To elucidate the biological functions of the proteins differentially expressed in wt and Nrp1KO Treg cell‐derived sEV, we performed Gene Ontology (GO) enrichment analysis comparing the 51 proteins exclusively expressed on wt versus the 37 proteins exclusively found on Nrp1KO Treg‐cell‐derived sEVs using Panther GenOntology Consortium.
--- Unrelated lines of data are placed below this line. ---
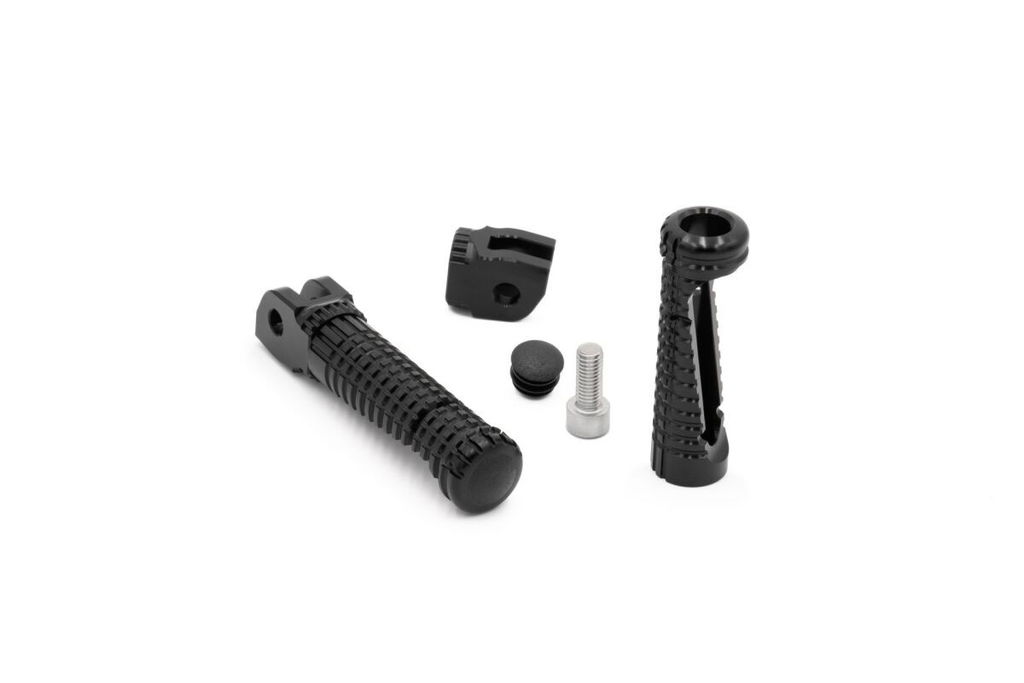 FootpegFor foldable turning joints Constructed from high-strength aluminum 80 mm length Feature three distinct styles: round, factory and fold able Round footpegs have a knurled finish and are available in silver, black or gold Factory style footpegs have machined grooves and are available in black
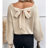 Enhance your wardrobe with our stylish V-neck plain knit sweater featuring a back tie detail. Indulge in the luxurious comfort and classic elegance of this must-have piece.
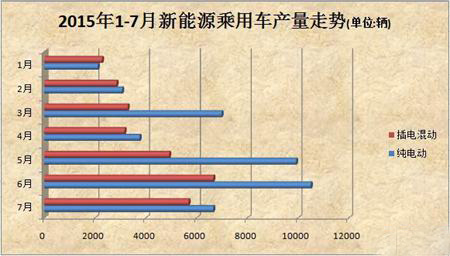 7月份,我國純電動乘用車生產(chǎn)6657輛,同比增長79%,插電式混合動力乘用車生產(chǎn)5688輛,同比增長4.5倍;1-7月,純電動乘用車累計生產(chǎn)4.30萬輛,同比增長2倍,插電式混合動力乘用車累計生產(chǎn)2.61萬輛,同比增長4倍。

Among the GO Biological Process (GO‐BP) categories that were significantly involved (adjusted p value < 0.05), we found a higher enrichment in the categories of “Cell Process,” “Metabolic Process” and “Biological Regulation” in samples derived from sEV from wt Treg cells over Nrp1KO Treg cell‐derived sEV (Figure 5b). Interestingly, we also found that categories like “Immune system Process,” “Locomotion” and “Reproductive Process” are exclusively enriched in samples derived from wt Treg cell‐derived sEV.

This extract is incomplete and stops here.